The concept of human women having an inner goddess has been around for quite a while. I can't find anything online to back this up, but my gut tells me it started as part of the backlash against patriarchal religions like, say, Christianity. According to New Age theory, Woman embodies the Divine Feminine, in all her Jungian archetypal glory -- from  Maiden to Mother to Wise Woman, with stops at Warrior, Lover, Queen, and yes, Goddess. The idea is that every woman contains each of those archetypes, and integrating them all into her Self -- embracing both the Light and the Dark, and manifesting them all -- is the only way to self-actualize and self-integrate and basically become the best woman she could be.

And then the author of 50 Shades of Grey got hold of the concept and "inner goddess" work became nothing but a BDSM romp. Imagine -- our inner goddess had been Aphrodite all along!

When that happened, the marketers saw an opportunity. This is one of the arguments Astrea employs in her post, and I think she's on to something. Any time someone can sell you on the idea that you're not quite perfect -- no matter how hard you have tried -- they can sell you on the idea that only they can get you where you want to go. And if they can't, well, the problem isn't with them -- it's with you

That, my friends, is the recipe for low self-esteem in a nutshell.

I asked Mama Google for info on finding your inner goddess, and she gave me So. Many. Listicles. And. OMG. Quizzes. (I'm told my inner goddess is a Sphinx, by the way). There's even a WikiHow listicle on "How to Find Your Inner Goddess," complete with two methods: through balance, or through doing nothing. Number two on the "balance" list is to smile often. Gee -- which of us hasn't had a guy tell us to smile more? Maybe they're on to something! But then the do-nothing (or Taoist) approach says that to allow your inner goddess out, one thing you ought to do is "drop your false smiles." Hmm. So which is it -- smile more or smile less?

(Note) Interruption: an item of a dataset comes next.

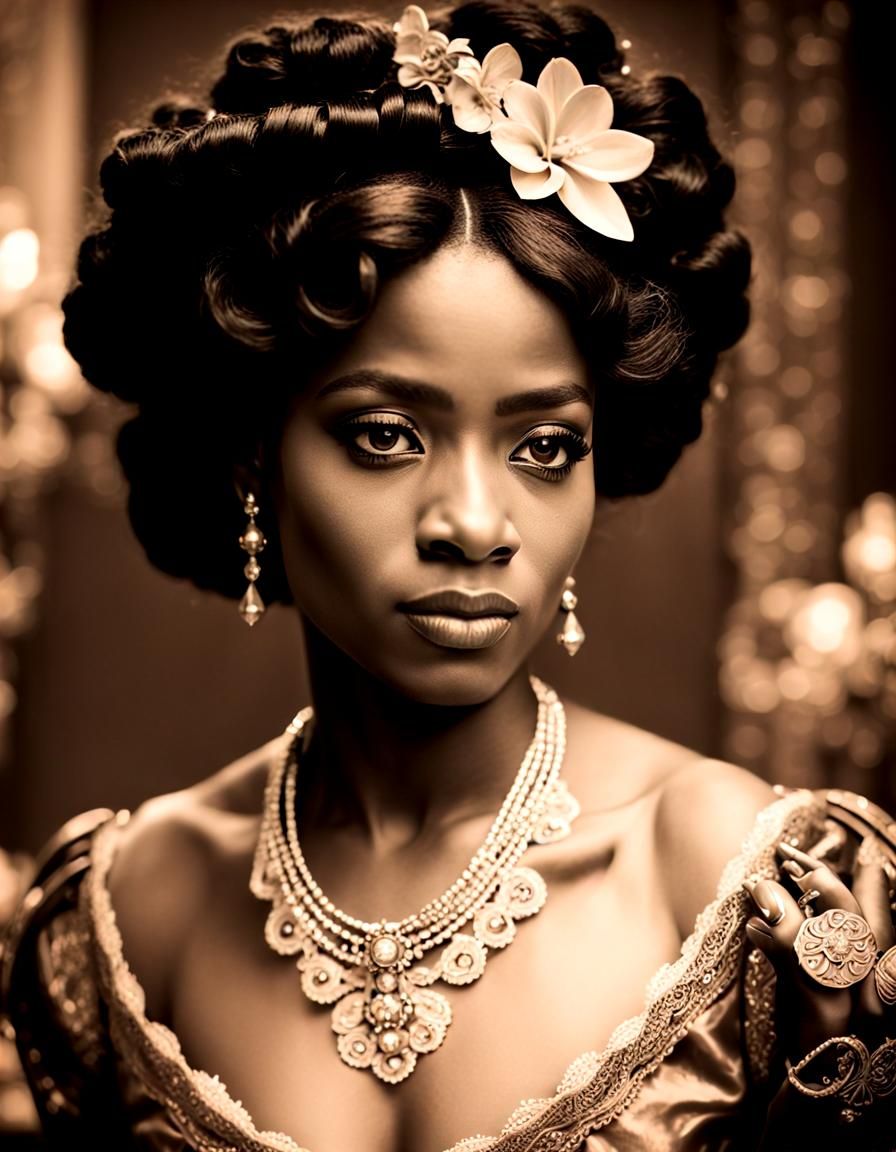 This image shows a sepia-toned portrait of a Black woman in Victorian-era attire, set against ornate décor. The aesthetic evokes a sense of nostalgia reminiscent of 1900s photorealism.

Are Coatlicue's snake heads smiling? 

Which brings me to Astrea's other main argument: The gods are real, and they don't live inside us. 

I know a lot of folks aren't going to buy this, but if you're a polytheist it ought to at least give you pause. If the gods are real, they're independent beings with their own agendas. They may ask us humans (or demand) that we do what they want us to do. They may even take over a specific human in a ritual setting. But they don't leave crumbs of themselves behind. 

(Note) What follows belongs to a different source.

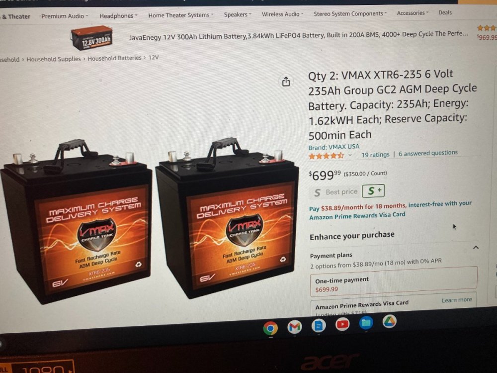 I am certain my two factory installed Llifeline gpl-4ct agm batteries need replacing as they won't hold a daylong solar panel charge. (My shore power is out at the moment.) I get them up to 11.1 Volts and within two or three hours they are down to 7 and slipping fast. What are the best replacement batteries for these two? I saw on amazon this option VMAXTANKS 6 Volt 225Ah AGM Battery: High Capacity & Maintenance Free Deep Cycle Battery for Golf Carts, Solar Energy, Wind Energy. I want to do what's best long term. I don't think I want lithium but will stay with AGM. Any suggestions or insight? (My elecrician still hasn't shown up. He says today.) I also saw this last double one but not sure if it is the right replacement. Ideas?

And if you're on the fence about whether the gods are real? Or what if you've decided they don't exist at all? No problem -- because all those Jungian archetypes inside you are human. There are certainly sound, healthy reasons to integrate all the parts of your personality, and to embrace the Dark along with the Light. But the idea that we are flawed from birth is a myth, guys. Excising that myth is actually part of the self-actualization process.

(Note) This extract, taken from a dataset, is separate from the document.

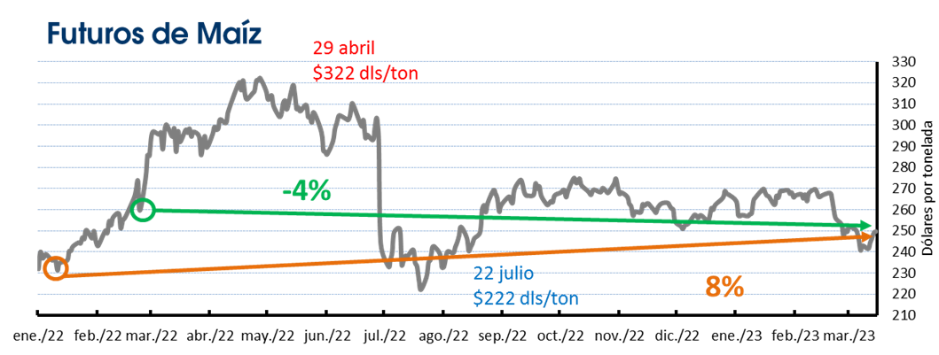 Los precios del cereal están 10 dólares por debajo de lo reportado desde que se concretó la invasión de Rusia hace un año, una baja de 4%, para situarse en 250 dólares por tonelada. Desde la segunda semana de enero del año pasado, los precios del maíz han aumentado 18 dólares, un 8%.

The idea that we've been created in God's image is a Christian belief. The idea that we're all born with something lacking is also a Christian belief. There's no idealized Someone inside of us that we need to let out -- or live up to. We're all just human.

Personally, I find that a great relief. I wasn't nuts about finding either Coatlicue or Aphrodite lurking inside me. Or, for that matter, the Sphinx.


These moments of archetypal blogginess have been brought to you, as a public service, by Lynne Cantwell. Social distance! Wear a mask! Wash your hands!